START RECORDED INFORMATION

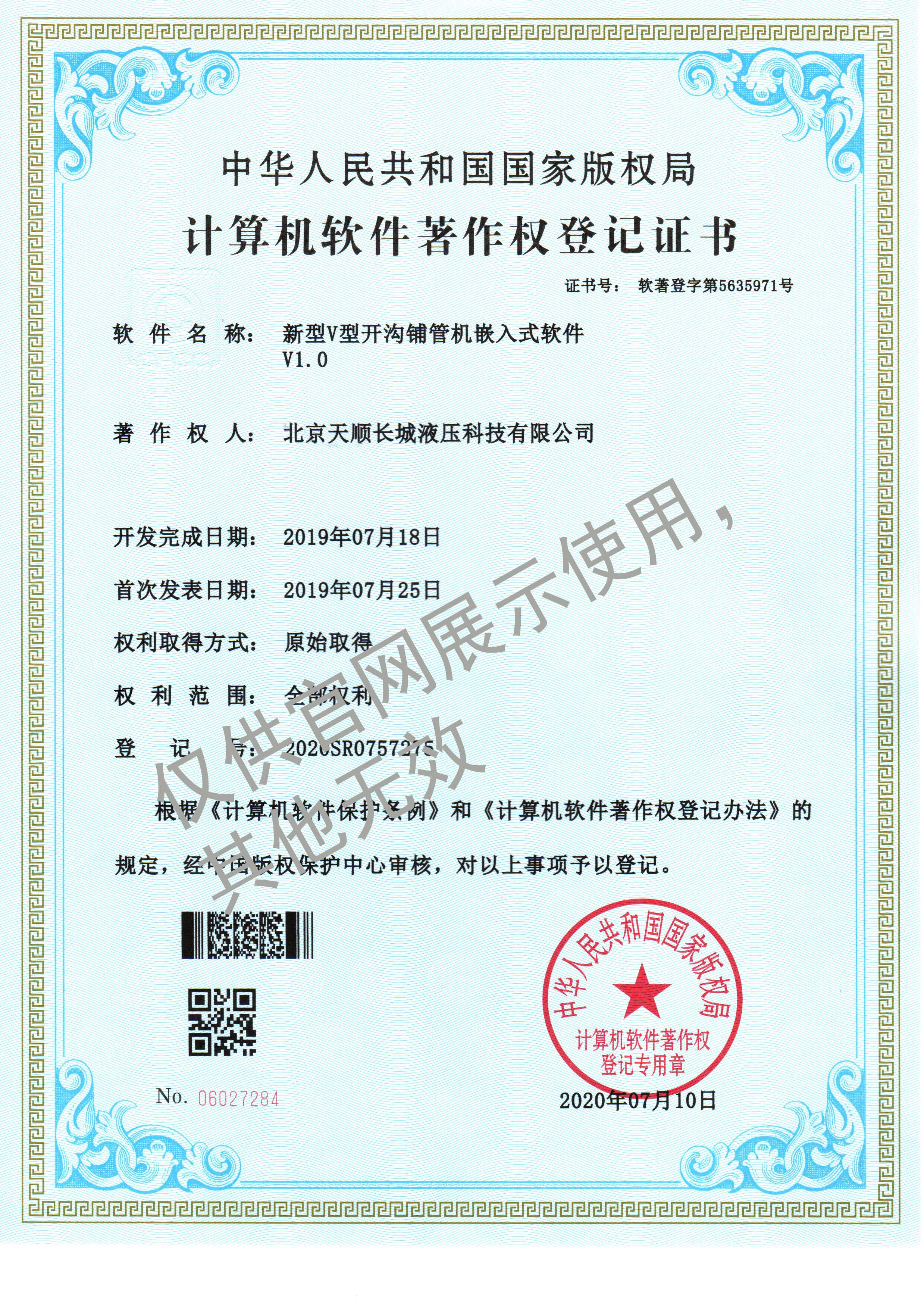 39-2020SR0757275計(jì)算機(jī)軟著-新型V型開(kāi)溝鋪管機(jī)嵌入式軟件V1.0
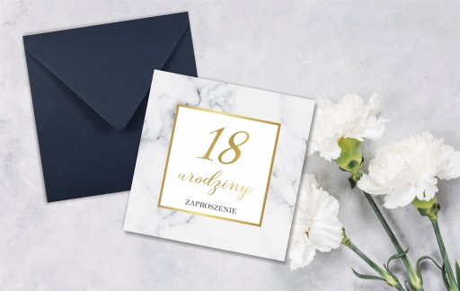 Сучасне запрошення на 18-річчя з мотивом мармуру в поєднанні з золотистими аксесуарами. Запрошення виконано на цупкому атласному папері. Запрошення повністю персоналізоване. Крім того, до запрошення додається декоративний конверт.
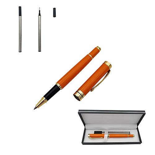 Accod Signature Pen Premium Metal Roller & Penna a sfera Creative Gift Pen con due ricariche 0,5 mm nero sostituibile astuccio di alta qualità regalo per familiari amici e colleghi (arancione)
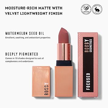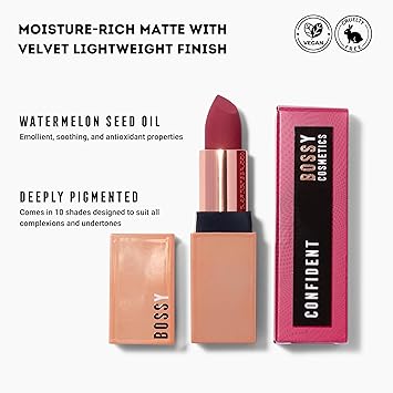 - VEGAN AND CRUELTY FREE: At Bossy Cosmetics, we strive to spark confidence in ambitious women through clean beauty products. Each of our lipsticks are vegan, cruelty free, paraben free, and made with no preservatives, mineral oil, or paraffin.
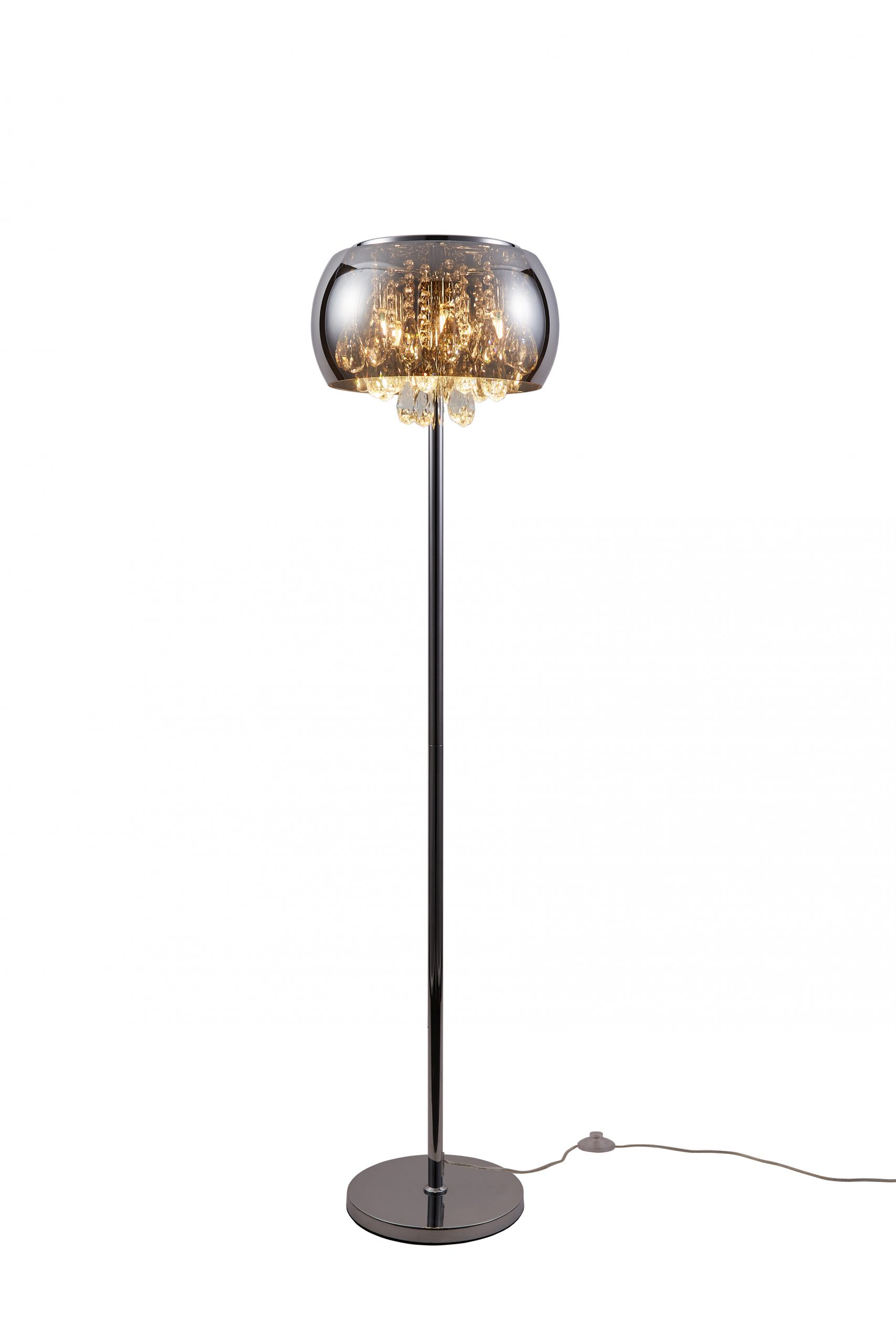 The Raven Collection is a modern 2022 fitting which features a stunning mouth blown smoked and mirrored glass shade which surrounds tiers of large clear or smoked sweetcorn crystal droppers. The range comprises a 500 mm or 400 mm diameter adjustable pendant or ceiling flush fitting and is complimented with a matching table and floor lamp.
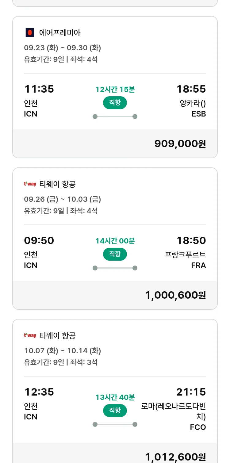 (9월 14일(일)) 땡처리 유럽 긴급 패키지
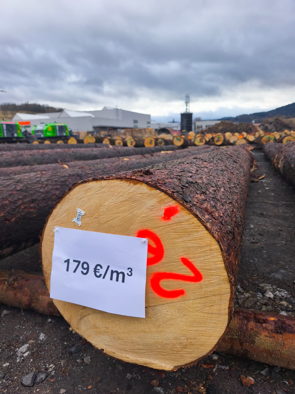 U smrku byla nejvyšší cena 4.350,-Kč/m3 (179 Eur/m³), u douglasky 4.486,-Kč/m3 (185 EUR/m³).
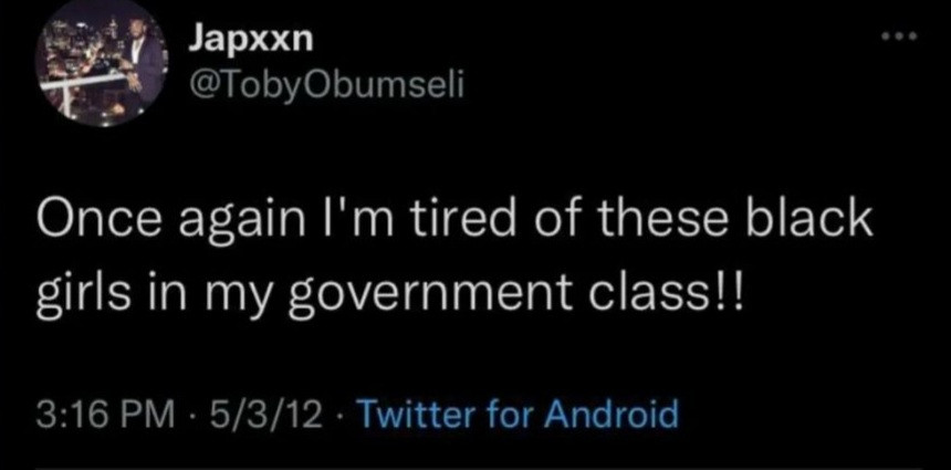In tweets shared between 2012 to 2018, he slut-shamed black women and said he doesn’t talk to them.
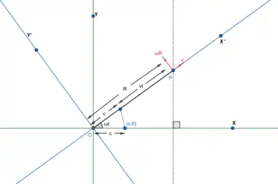 Suppose a point object moves in the Cartesian system with a constant velocity v directed parallel to the x-axis, with respect to the xy-plane. Let at time t = 0, the object was at an arbitrary point (c, 0, 0). If the xy plane rotates with a constant angular velocity ω about the z-axis, then the velocity of the point with respect to z-axis may be written as:
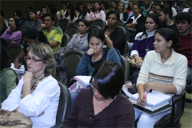 “A intenção é aprofundar a temática e fomentar um pouco disso em cada um de nós”, iniciou a coordenadora da mesa, Salette Marinho. Em seguida, a professora Cleonice Le Bourlegat falou sobre a conectividade dada pelo mundo em rede. Segundo ela, “essa nova condição comunicativa transformou o mundo em um macrossistema de alta complexidade, com o predomínio da fluidez com deslocamento acelerado da informação, bens e pessoas”.
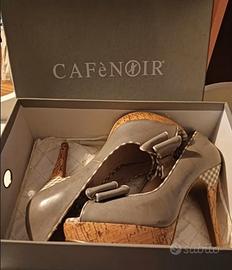 Meravigliose scarpe décolleté con tacco Cafè Noir color tortora, spuntate e con graziosissimo dettaglio di fiocco in punta.
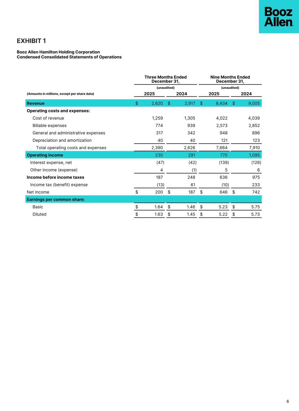 EXHIBIT 1 Booz Allen Hamilton Holding Corporation Condensed Consolidated Statements of Operations 6 Three Months Ended December 31, Nine Months Ended December 31, (unaudited) (unaudited) (Amounts in millions, except per share data) 2025 2024 2025 2024 Revenue $ 2,620 $ 2,917 $ 8,434 $ 9,005 Operating costs and expenses: Cost of revenue 1,259 1,305 4,022 4,039 Billable expenses 774 939 2,573 2,852 General and administrative expenses 317 342 948 896 Depreciation and amortization 40 40 121 123 Total operating costs and expenses 2,390 2,626 7,664 7,910 Operating income 230 291 770 1,095 Interest expense, net (47) (42) (139) (126) Other income (expense) 4 (1) 5 6 Income before income taxes 187 248 636 975 Income tax (benefit) expense (13) 61 (10) 233 Net income $ 200 $ 187 $ 646 $ 742 Earnings per common share: Basic $ 1.64 $ 1.46 $ 5.23 $ 5.75 Diluted $ 1.63 $ 1.45 $ 5.22 $ 5.73
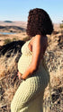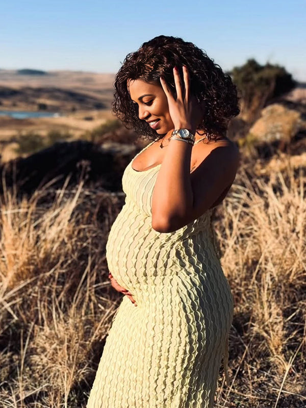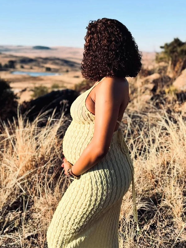 Momnfancy Falbala Open Back Lace-up Spaghetti Strap Maternity Maxi Dress
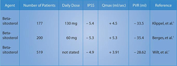 Table 1. Summary of Key Randomized Studies of Beta-Sitosterol in BPH Patients. Effects of Beta-Sitosterol on the International Prostate Symptom Score (IPSS), maximum urinary flow rate (Qmax), and post-void residual volume (PVR) are remarkably consistent. The study by Wilt and colleagues7 examined four different randomized studies. |
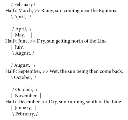And now I perceived that the seasons of the year might generally be divided, not into summer and winter, as in Europe, but into wet and dry seasons, as in this manner:
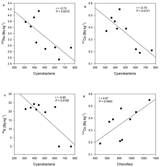 Bacterial phylum Cyanobacteria was negatively correlated with 226Ra (r = −0.73, p = 0.0270) (Figure 4a), 137Cs (r = −0.79, p = 0.0121) (Figure 4b) and 40K (r = −0.80, p = 0.0100) (Figure 4c). In contrast, Chloroflexi was positively correlated with 137Cs (r = 0.67, p = 0.0468) (Figure 4d). At the bacteria genera level, both Cytophaga and Mucilaginibacter negatively correlated with radionuclide activity concentrations. Cytophaga was positively correlated with 226Ra (r = −0.84, p = 0.0047), 40K (r = −0.82, p = 0.0069) and 137Cs (r = −0.93, p = 0.0002) (Figure 5a–c). Similarly, Mucilaginibacter was positively correlated only with 137Cs (r = 0.87, p = 0.0021) and 226Ra (r = −0.83, p = 0.0054) (Figure 5d,e). The negative correlations of the above bacteria phyla and genera with the radionuclides suggested that greater counts of these bacteria phyla and genera are associated with lower radionuclide content in the samples. However, there were no significant correlations for sample physicochemical parameters, and or for bacterial proportions with activity concentrations of 235U and 232Th.
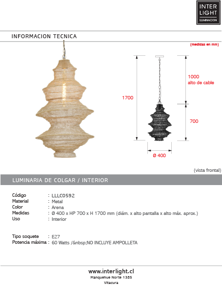| Potencia máxima: | 60 Watts / NO INCLUYE AMPOLLETA |
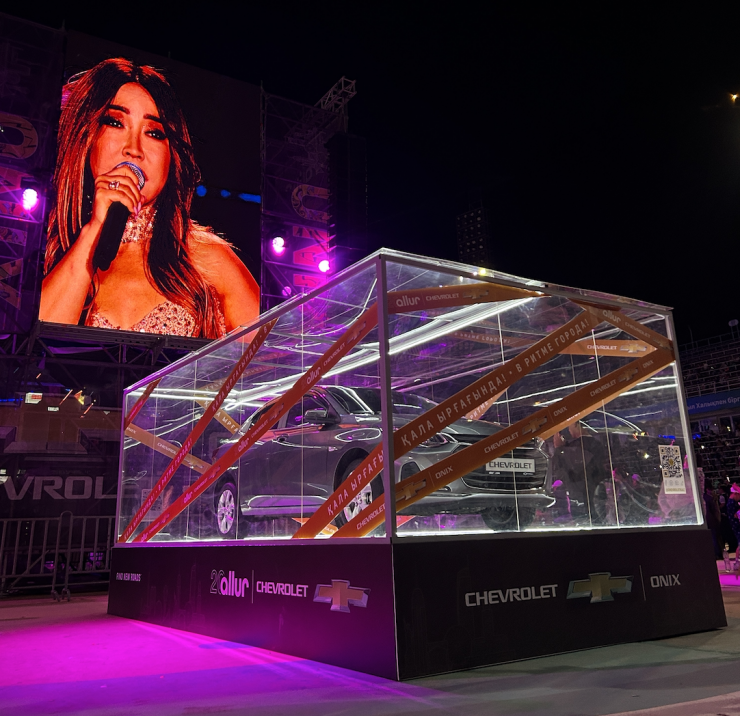 Так, 30 июля на высокогорном катке "Медео" во время музыкального фестиваля Chevrolet разыграл новый Chevrolet Onix. Всего в данном розыгрыше приняли участие около 1 839 человек. Победительницей конкурса стала мама троих детей, 59-летняя Кенжекыз Мырзалиева.

END RECORDED INFORMATION

WHAT IS REQUIRED: Begin at the first line of the records and please reproduce every line exactly through the one containing "Сучасне запрошення на", leaving all pictures out.

EXERCISE RESPONSE:
 39-2020SR0757275計(jì)算機(jī)軟著-新型V型開(kāi)溝鋪管機(jī)嵌入式軟件V1.0
 Сучасне запрошення на 18-річчя з мотивом мармуру в поєднанні з золотистими аксесуарами. Запрошення виконано на цупкому атласному папері. Запрошення повністю персоналізоване. Крім того, до запрошення додається декоративний конверт.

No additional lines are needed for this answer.